The text was updated successfully, but these errors were encountered:

tgpfeiffer · 2018-01-19T08:40:56Z

Are there any updates on this issue? OpenMPI 3.0 hangs for me with CUDA+IB where 2.1 works fine, so maybe it's the same problem.

bwbarrett · 2018-06-01T15:18:38Z

@jladd-mlnx, what's the recommended path for GPUDirect on Mellanox hardware in v3.0.x? Is it still OpenIB (and we should fix this issue) or is it UCX and we should figure out how to encourage a move to UCX?

Akshay-Venkatesh · 2018-08-22T17:42:44Z

@Felandric I was made aware of this bug about 20 mins ago. I've missed my assignment notification that happened a year ago. My apologies.

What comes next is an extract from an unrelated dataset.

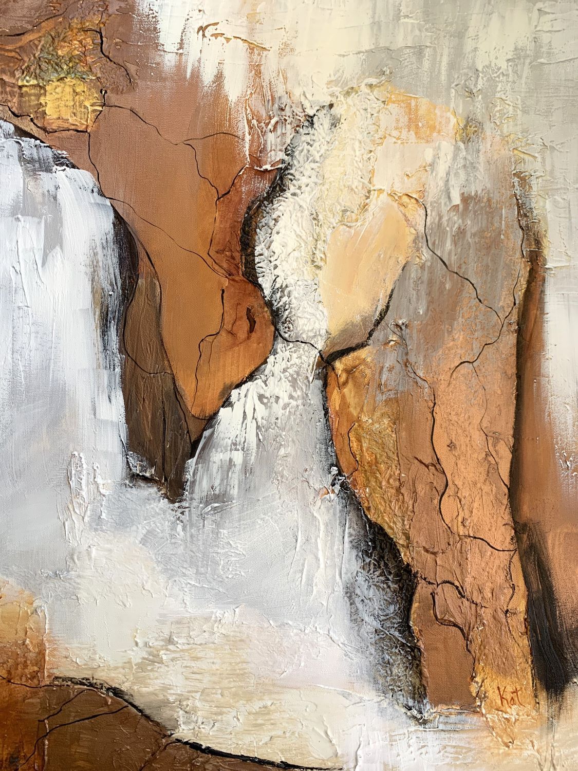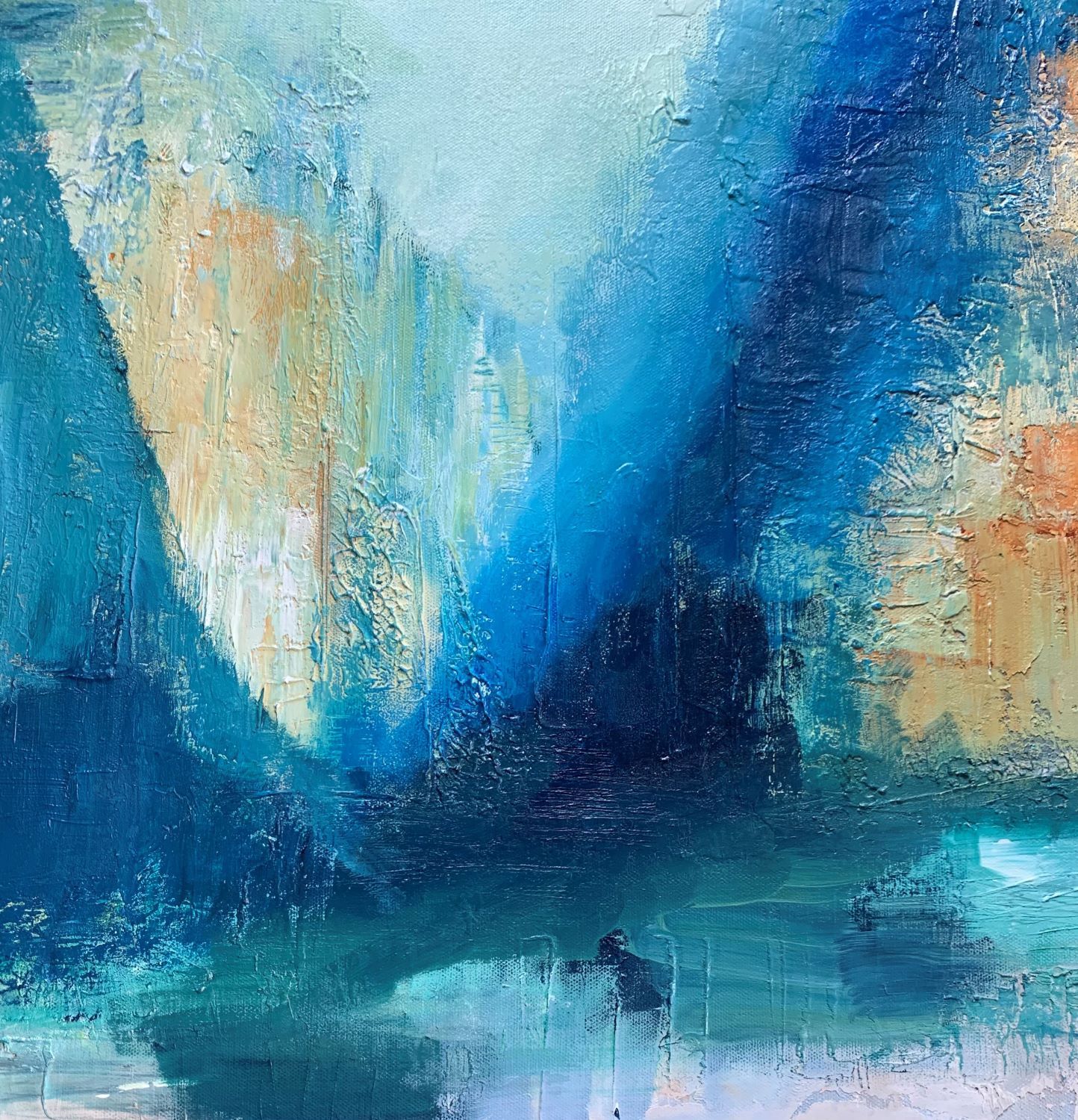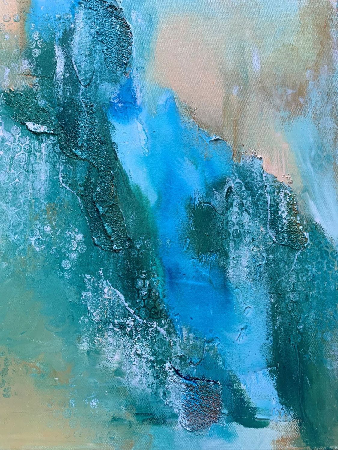 Kat‘s greatest pleasure is creating abstract inspired by nature. Her love of blues and greens comes from her fascination with the ocean and sky and while she experiments with all colours, she returns time and time again to these colours of nature. She uses vivid colour or misty, soft combinations. Kat has been painting for over 20 years and has taken numerous workshops, including mixed media, water colour pencils, printmaking and encaustic. She experiments with gel mediums, gel plating and just about anything to add texture and interest.

@bwbarrett I'm able to verify that the issue doesn't occur with UCX CUDA support

int main(int argc, char** argv)
{
    MPI_Init(NULL,NULL);
    int rank;
    MPI_Comm_rank(MPI_COMM_WORLD, &rank);
    MPI_Status st;
    float *dev_buf;
    size_t elements = atoi(argv[1]);
    size_t arraysize = elements * sizeof(float);
    if (rank == 0) {
        printf("Array size: %llu\n", arraysize);
    }

    cudaMalloc((void**)&dev_buf, arraysize);

    MPI_Barrier(MPI_COMM_WORLD);
    if (rank == 0) {
        MPI_Send(dev_buf, elements, MPI_FLOAT, 1, 0, MPI_COMM_WORLD);
        MPI_Recv(dev_buf, elements, MPI_FLOAT, 1, 0, MPI_COMM_WORLD, &st);
    } else if (rank == 1) {
        MPI_Recv(dev_buf, elements, MPI_FLOAT, 0, 0, MPI_COMM_WORLD, &st);
        MPI_Send(dev_buf, elements, MPI_FLOAT, 0, 0, MPI_COMM_WORLD);
    }
    MPI_Barrier(MPI_COMM_WORLD);

    cudaFree(dev_buf);
    printf("%d: Test complete\n", rank);
    MPI_Finalize();
    return 0;
}

$ mpicc -o gpu_test gpudirect_bug.c -lcudart -g
$ mpirun -np 2 --hostfile $PWD/hostfile --mca pml ucx --mca btl ^vader,openib,sm,tcp -x TLS=rc_x,sm,cuda_copy,gdr_copy,cuda_ipc -x LD_LIBRARY_PATH ./gpu_test 1000
Array size: 4000
0: Test complete
1: Test complete

Akshay-Venkatesh · 2018-08-22T17:49:34Z

@Felandric
Trying with ob1 pml...

Hang case:
=========
$ mpirun -np 2 --hostfile $PWD/hostfile --mca btl vader,self,smcuda,openib  --mca btl_openib_warn_default_gid_prefix 0  --mca btl_smcuda_use_cuda_ipc_same_gpu 1  --mca btl_openib_want_cuda_gdr 1  --mca btl_openib_cuda_async_recv true --mca btl_smcuda_use_cuda_ipc 1 --mca btl_openib_allow_ib true --mca btl_openib_cuda_rdma_limit 1000 -x LD_LIBRARY_PATH ./gpu_test 1000
Array size: 4000

No-Hang case:
============
$ mpirun -np 2 --hostfile $PWD/hostfile --mca btl vader,self,smcuda,openib  --mca btl_openib_warn_default_gid_prefix 0  --mca btl_smcuda_use_cuda_ipc_same_gpu 1  --mca btl_openib_want_cuda_gdr 1  --mca btl_openib_cuda_async_recv false --mca btl_smcuda_use_cuda_ipc 1 --mca btl_openib_allow_ib true --mca btl_openib_cuda_rdma_limit 1000 -x LD_LIBRARY_PATH ./gpu_test 1000
Array size: 4000
0: Test complete
1: Test complete

So using --mca btl_openib_cuda_async_recv false does prevent the hang for me on this two node test.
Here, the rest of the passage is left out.